Pascoe looked at the other three people in the room. Curiously, of them all, Ray Crabtree was the only one who looked at all ill at ease. Understandably so in a way. No policeman likes to have another pointing out what's been going on under his nose. Toms was affecting boredom fairly successfully, while the woman looked alert and interested which might not be the worst way of concealing guilt.

Where the hell was Dalziel? wondered Pascoe. How would he want this played?

Carefully, was the only answer.

'Let's sit down, Mr Toms, shall we? There are one or two more questions I want to ask.'

'Oh God! Ask if you must. I need a drink.'

So saying, Toms headed out into the hallway, presumably in search of Penny's bottle. Pascoe followed, still talking because he was beginning to feel that if he stopped talking, he might thump somebody.

'You made several telephone calls from the Candida Hotel last Friday night,' he said.

'Yes. I told you. I rang Penny to say I was stranded.'

'I know that, Mr Toms,' said Pascoe. 'It's the other calls I'm interested in.'

'Other calls?' said Toms, halting. 'What others?'

'To Mr Godfrey Blengdale, for a start,' said Pascoe.

'Blengdale?' said Toms. 'I don't recollect the name.'

He sounded completely confident in his ability to deny all knowledge of Blengdale.

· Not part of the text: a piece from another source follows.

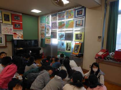 支部巡回展の鑑賞をしました。伏見東支部10校の子ども達の作品が多目的室に掲示されています。「この版画すごい!」「1年生やのにうまいなあ…」と子ども達は友達と話しながら,鑑賞メモをとっていました。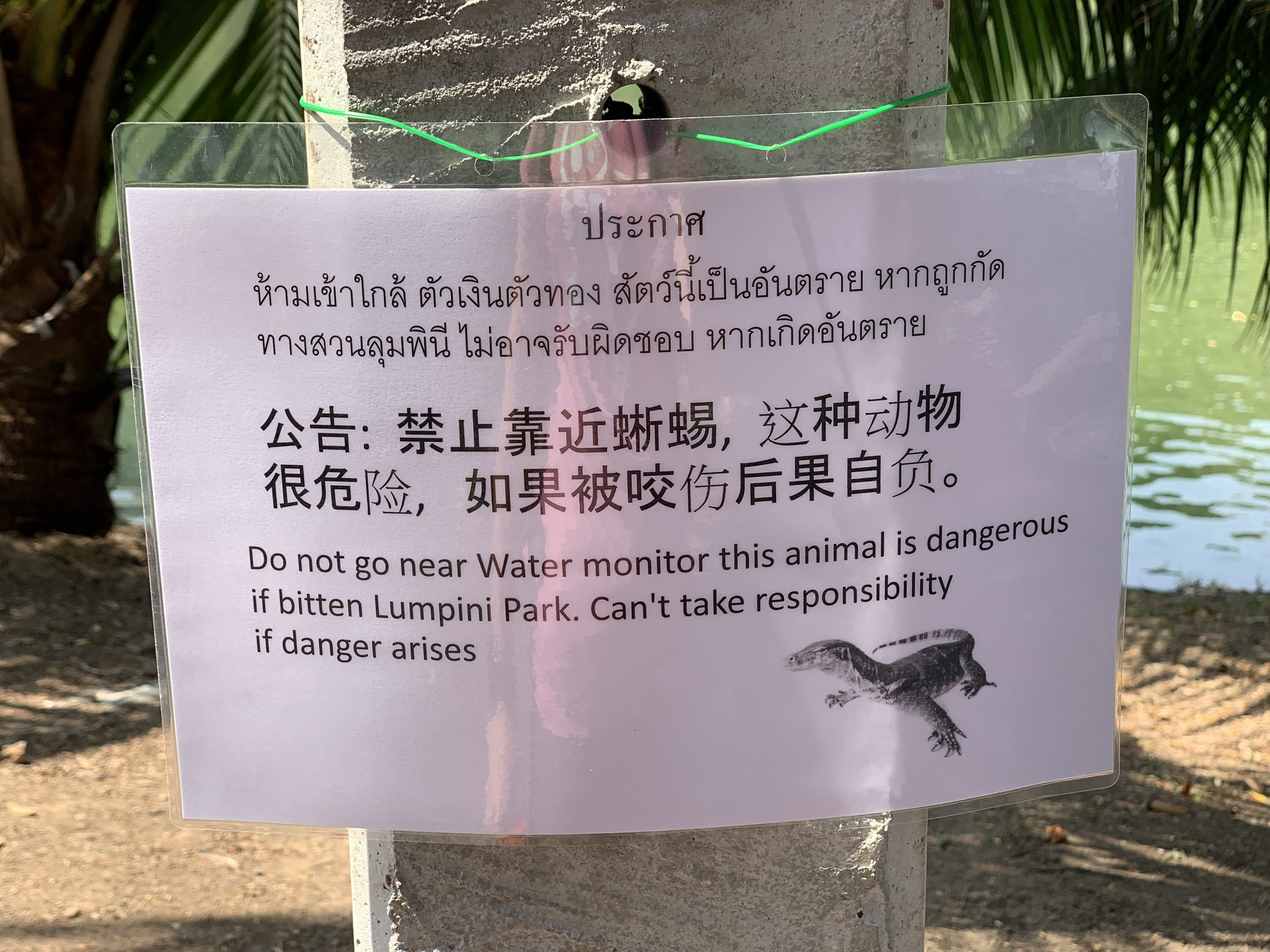 He got out of the tub rejuvenated and we decided to go to Lumphini Park for a picnic and to hopefully be able to see some of the “lumphini lizards” that it is home to. Lumphini lizards are actually Asian water monitors and are close relatives of the Komodo dragon. We had seen them referenced in a lot of the YouTube videos about Bangkok that we had watched during our trip planning and were eager to see them in person; the idea of alligator sized reptiles roaming casually around a city park piqued our interest.

Pascoe attempted to match his confidence.

'You mean, you don't know your own partner's name?' he asked. 'Perhaps I misunderstood Miss Latimer, but I thought she implied that Mr Blengdale owned a third of Homeric?'

The lie sent a shiver of indignation over Penny's frame. Toms glared at her angrily. Pascoe regarded them with an expression of mock bewilderment which would have done credit to Dalziel and somewhere some god of mischief chortled in delight, flicked a few pieces hither and thither, and sat back to enjoy the perfect moment he had created.

The front door opened. A short round figure half stepped, half fell in. One arm hung useless at his side, the other was raised in a vain effort to staunch the flow of blood from a broad gash across his brow.

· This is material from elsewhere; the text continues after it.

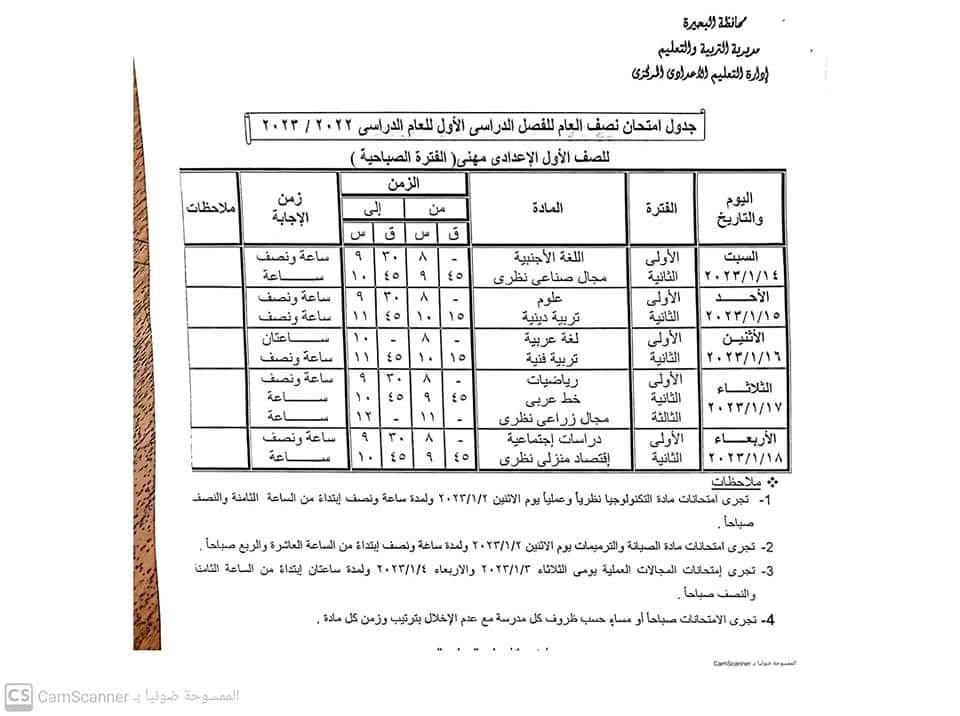 جدول امتحانات المرحلة الاعدادية محافظة البحيرة الترم الاول 2023

'Why, here's Mr Blengdale himself come to resolve all problems,' said Pascoe cheerfully. 'My compliments to the make-up man. That looks really convincing!'

No one made a move towards the now recumbent figure which had slid to the floor like a medieval outlaw crossing a church threshold to sanctuary.

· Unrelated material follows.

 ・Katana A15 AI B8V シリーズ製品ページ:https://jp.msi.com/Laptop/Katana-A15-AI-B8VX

But the drama was far from over.

'Mr Toms!' called a sepulchrally deep voice from outside. 'There's someone out here would like to talk to you!'

Slowly, ignoring Blengdale, Toms moved through the doorway.

Pascoe followed.

The spring sun was low in the sky now and he had to shade his eyes against it before the blur of figures at the far side of the driveway sharpened to identifiability.

Dalziel was there, hands thrust deep into his coat pockets, bulky and menacing as an Easter Island statue. Wield was there too, his harsh and angled face set like a witch-doctor's mask. Between them, with the sergeant's broad left hand firmly grasping his right forearm, was Brian Burkill.

Suddenly Pascoe was sure his guess about Blengdale's financial involvement with Homeric was right. Somehow Burkill had found out too. It had been Blengdale that Burkill had been in pursuit of at the yard this morning. Poor Charlie Heppelwhite had merely got in the way. And presumably after Blengdale came Toms. And then Arany. Though perhaps the Hungarian was already lying battered and bleeding somewhere on Burkill's trail.

'Who are those men?' said Penny Latimer over Pascoe's shoulder.